Leukaemia Travelogue

written by Guest Contributor July 5, 2019

A third eye for sensing danger has planted itself at the base of my skull. It sends out a dull throb when the possibility of bodily harm is perceived. It’s set off by trucks that rumble in the periphery; revving engines, opaque tinted windows and careless drivers that don’t make eye contact with pedestrians and cyclists as they move toward us; jagged fissures and gapes in the road; rigid, unforgiving pavement; noxious tar and diesel fuel disbursed by heavy machines carrying out this city’s unending summer road-work project. Leaving the house sets my third eye on alert.

I wasn’t always this tentative about the city outside my door. I have always been attuned to hazardous people around me—a sense of how to navigate the volatility of people. This base of the skull sensitivity however, is not that.
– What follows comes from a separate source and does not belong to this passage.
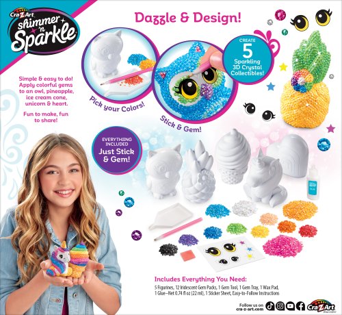 Ozdob si 3D odlitky dle své fantazie. Balení obsahuje 5 odlitků, lepidlo, barevné drahokamy, štětec… Vyrob pro své kamarády krásný třpytivý dárek.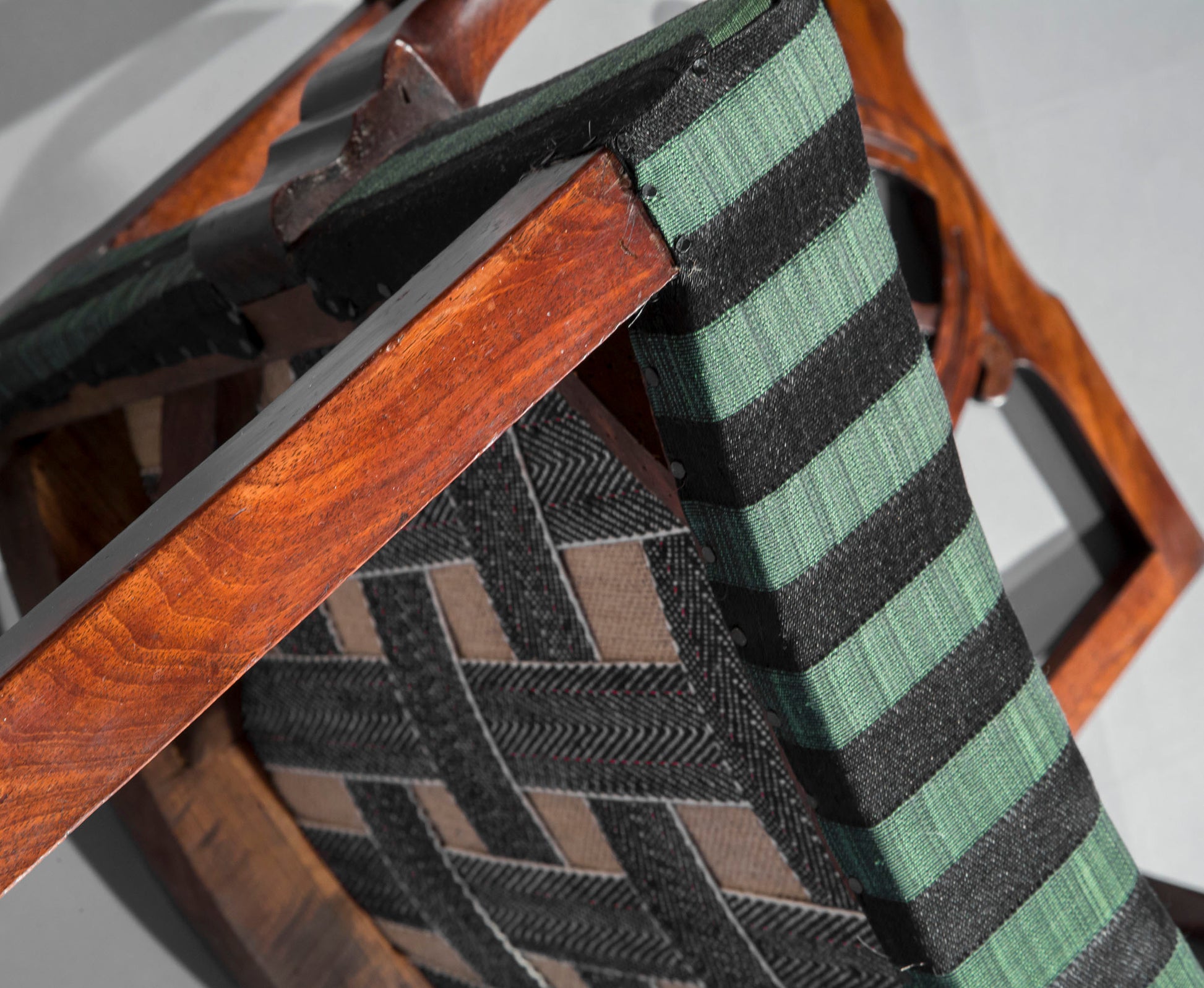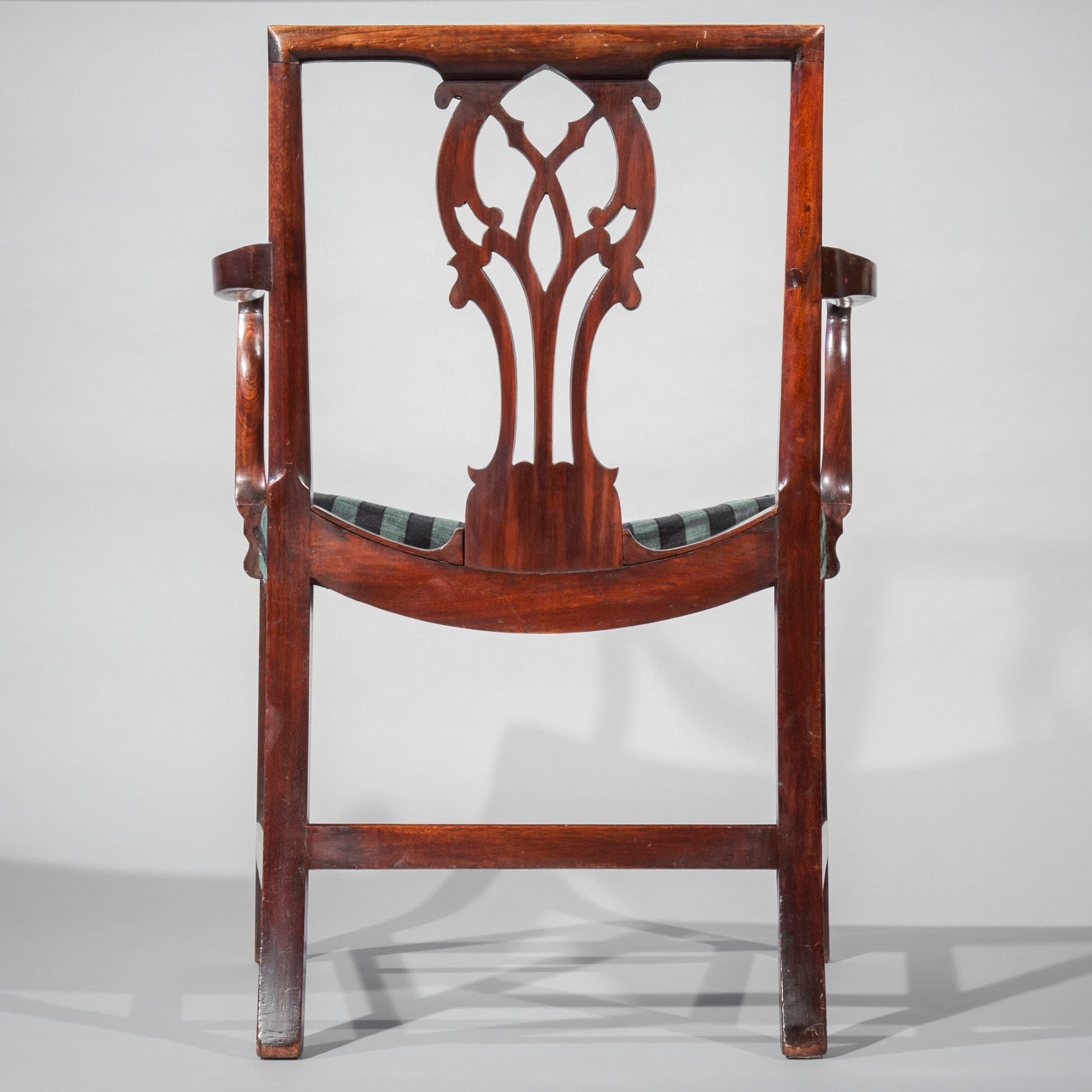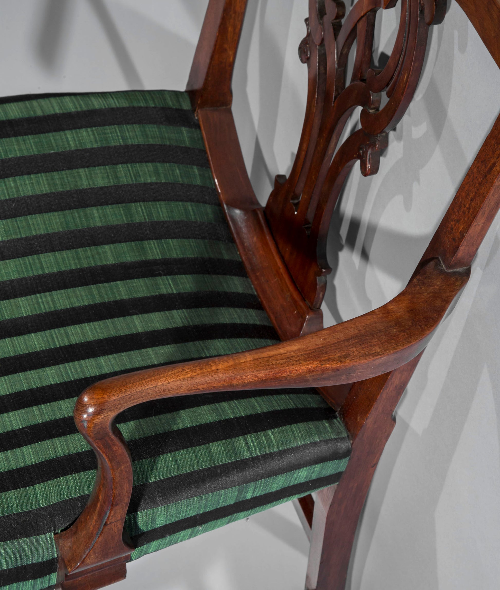 An unusual pair of mahogany open armchairs of the George III Chippendale period, handsomely reupholstered in sumptuous John Boyd Textiles green and black striped horsehair fabric.

This is a sensitivity to the possibility of a soft body meeting a hard bad thing.

My sensitivity to the soft and hard of my own body is so acute, that I’ve developed an aversion to many types of contact. When my knees press together I feel an unsettling awareness of my skin as an ineffectual threshold for the structures underneath. Postures and movements that require my spine and hip bones to be pushed against solid surfaces induce dread. If I lay down on the seam of my clothing or some folds of fabric I’m restless from their presence.

These sensations followed my recent diagnosis of illness and with it the realization of how very easy it is for the inside of my body to be accessed. To get a more detailed diagnosis for my leukaemia, bone marrow biopsies were needed. A surprisingly short and uncomplicated procedure, a distinct perceptible force at my hipbone tells me my marrow is being accessed. Just like that. 1, 2, 3. Easy to intrude upon. For the doctor, seemingly effortless. Following, I ride my bike home slowly, dreamlike, visualizing the inside of my body and all the hard things outside; thinking about the limits of the body’s ability to resist, about the body as a physical barrier and where that boundary can’t withstand. My days are like dreams.

This past year I visited locations that made me think frequently about things entering my body, but gaining access in more discreet ways. These things, though not invited, passed into me more organically. I even thought of these hitch-hikers and new inhabitants in my body as potentially fortifying and a kind of souvenir. Having the remarkable fortune of being selected to join a land-art field research trip, that consisted of camping in three desert locations, I was prepared for several weeks of living radically outside my comfort. My conscientiousness about bacteria, though not extreme, is not insignificant. I believe that proper hand washing is done with soap and water and I avoid putting my hands on shared public surfaces. I don’t believe in anti-bacterial hand sanitizer because it is harmful to healthy bacteria and leaves a residue of sanitizing gel mixed with dirt, providing none of the tactile satisfaction of freshly washed skin.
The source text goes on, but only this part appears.